Begin the copy at the line containing "L’utilitaire électrique est" in the data below and end it at the line containing "ست تیشرت و اسلش", keeping each line exact and leaving out pictures.

## RECORDS FOR THE EXERCISE
=== Begin Enclosure ===

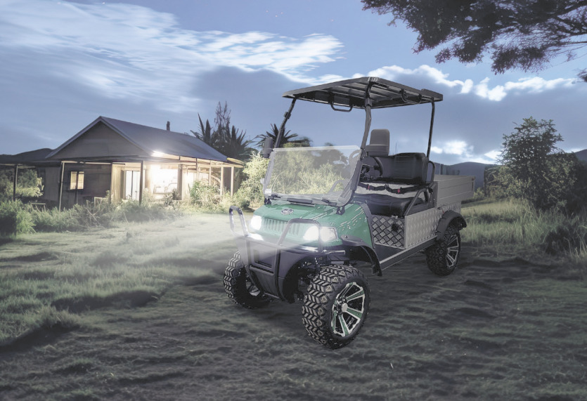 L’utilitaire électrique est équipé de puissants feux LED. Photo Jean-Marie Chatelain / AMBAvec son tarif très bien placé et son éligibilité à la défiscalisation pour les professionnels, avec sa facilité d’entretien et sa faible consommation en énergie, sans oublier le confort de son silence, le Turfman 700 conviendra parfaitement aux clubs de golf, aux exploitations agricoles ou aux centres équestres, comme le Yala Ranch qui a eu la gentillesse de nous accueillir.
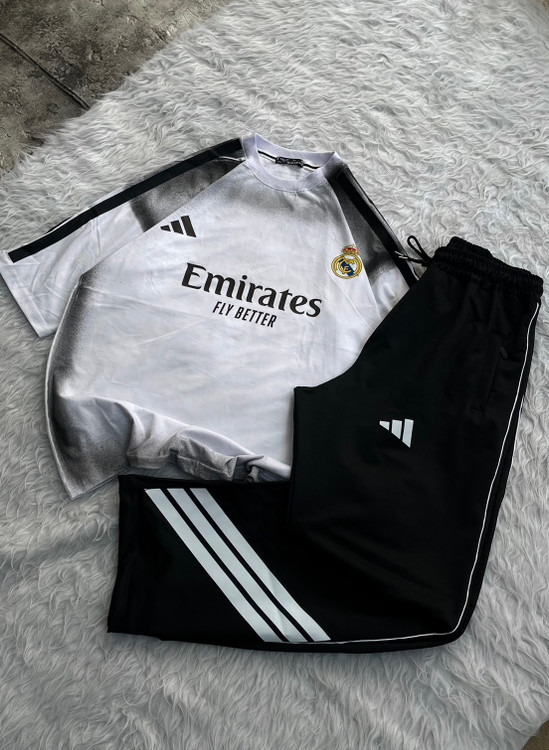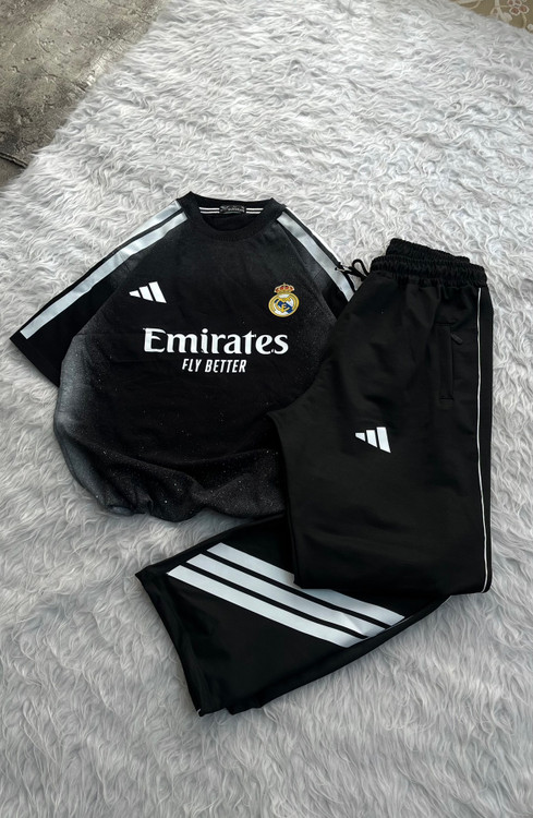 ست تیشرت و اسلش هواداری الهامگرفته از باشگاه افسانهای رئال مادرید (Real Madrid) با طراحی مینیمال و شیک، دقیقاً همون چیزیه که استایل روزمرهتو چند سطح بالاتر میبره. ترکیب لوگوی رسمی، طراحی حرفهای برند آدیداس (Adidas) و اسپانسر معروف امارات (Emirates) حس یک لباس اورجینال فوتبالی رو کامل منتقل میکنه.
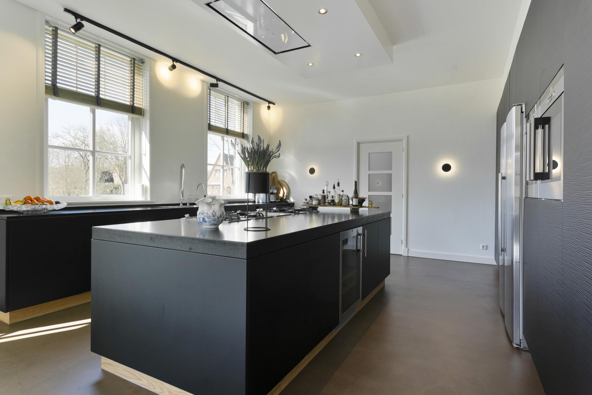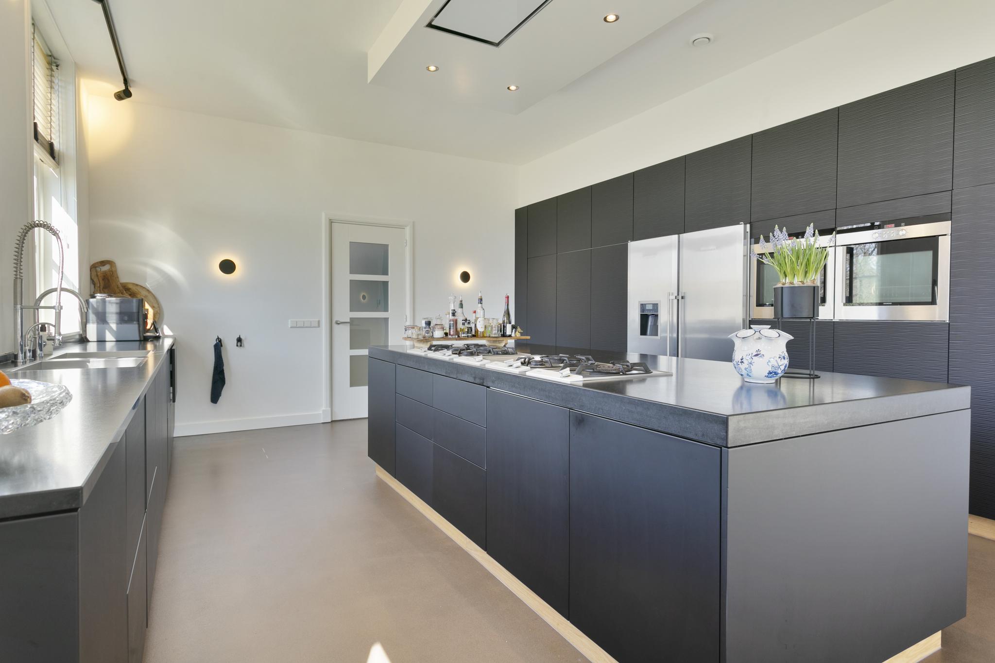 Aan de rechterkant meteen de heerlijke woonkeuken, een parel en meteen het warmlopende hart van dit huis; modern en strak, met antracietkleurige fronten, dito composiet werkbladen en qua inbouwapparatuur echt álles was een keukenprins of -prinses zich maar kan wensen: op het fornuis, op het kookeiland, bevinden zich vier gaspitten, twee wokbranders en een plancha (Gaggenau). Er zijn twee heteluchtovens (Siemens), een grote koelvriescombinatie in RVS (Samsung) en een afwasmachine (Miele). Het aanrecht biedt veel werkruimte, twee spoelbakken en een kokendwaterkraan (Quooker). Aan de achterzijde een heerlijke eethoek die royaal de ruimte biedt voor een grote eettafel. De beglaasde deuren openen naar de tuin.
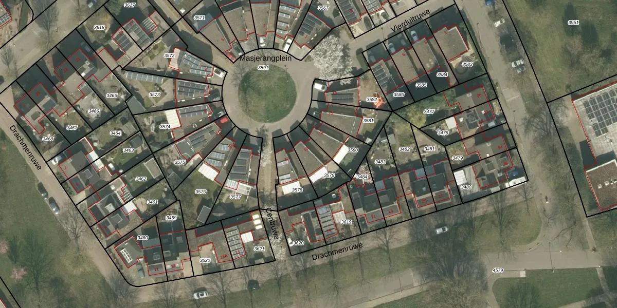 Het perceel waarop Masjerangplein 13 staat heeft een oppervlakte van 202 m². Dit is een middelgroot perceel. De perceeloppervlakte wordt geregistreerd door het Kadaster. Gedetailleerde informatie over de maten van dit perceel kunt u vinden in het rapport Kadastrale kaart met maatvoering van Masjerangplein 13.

=== End Enclosure ===
=== Begin Enclosure ===

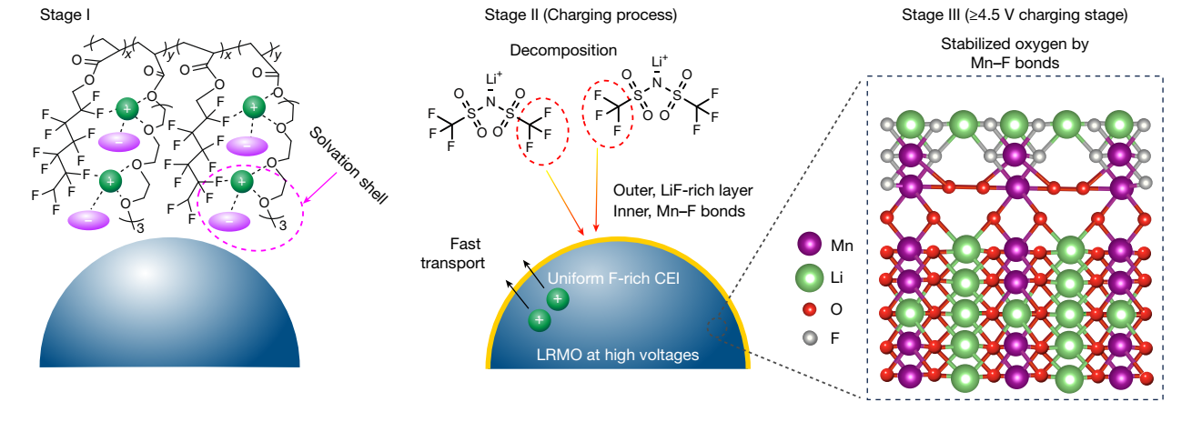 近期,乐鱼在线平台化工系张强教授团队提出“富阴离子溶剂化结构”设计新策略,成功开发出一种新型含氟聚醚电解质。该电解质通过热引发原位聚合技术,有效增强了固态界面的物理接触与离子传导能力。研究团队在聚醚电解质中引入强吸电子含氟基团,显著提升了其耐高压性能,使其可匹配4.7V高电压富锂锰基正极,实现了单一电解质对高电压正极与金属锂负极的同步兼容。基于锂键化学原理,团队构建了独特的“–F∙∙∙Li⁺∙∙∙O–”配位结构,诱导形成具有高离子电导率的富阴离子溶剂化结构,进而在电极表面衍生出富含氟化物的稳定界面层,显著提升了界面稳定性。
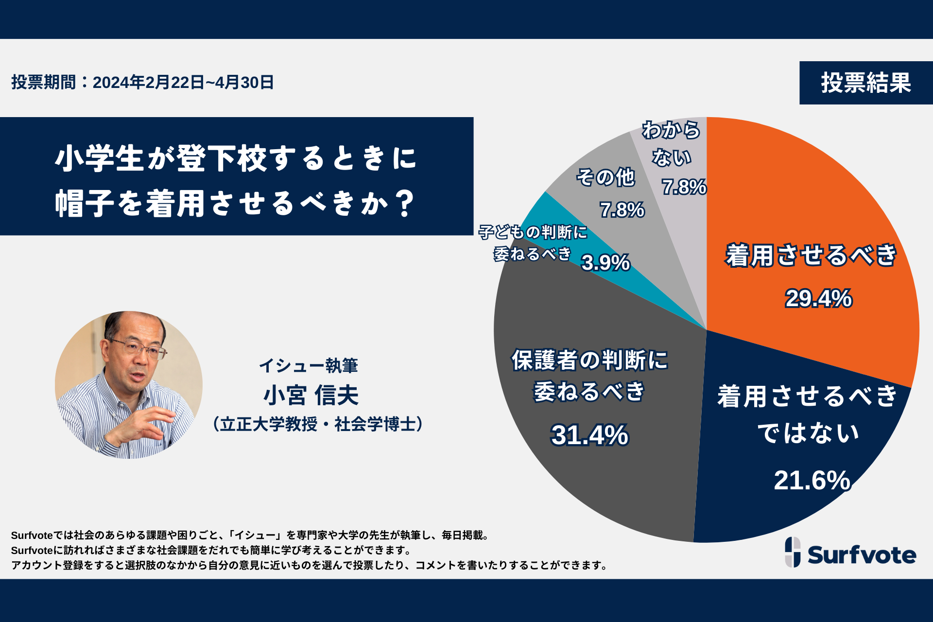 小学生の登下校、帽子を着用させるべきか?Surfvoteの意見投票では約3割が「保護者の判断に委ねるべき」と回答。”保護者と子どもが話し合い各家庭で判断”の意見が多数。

=== End Enclosure ===

## RESPONSE TO THE TASK
 L’utilitaire électrique est équipé de puissants feux LED. Photo Jean-Marie Chatelain / AMBAvec son tarif très bien placé et son éligibilité à la défiscalisation pour les professionnels, avec sa facilité d’entretien et sa faible consommation en énergie, sans oublier le confort de son silence, le Turfman 700 conviendra parfaitement aux clubs de golf, aux exploitations agricoles ou aux centres équestres, comme le Yala Ranch qui a eu la gentillesse de nous accueillir.
 ست تیشرت و اسلش هواداری الهامگرفته از باشگاه افسانهای رئال مادرید (Real Madrid) با طراحی مینیمال و شیک، دقیقاً همون چیزیه که استایل روزمرهتو چند سطح بالاتر میبره. ترکیب لوگوی رسمی، طراحی حرفهای برند آدیداس (Adidas) و اسپانسر معروف امارات (Emirates) حس یک لباس اورجینال فوتبالی رو کامل منتقل میکنه.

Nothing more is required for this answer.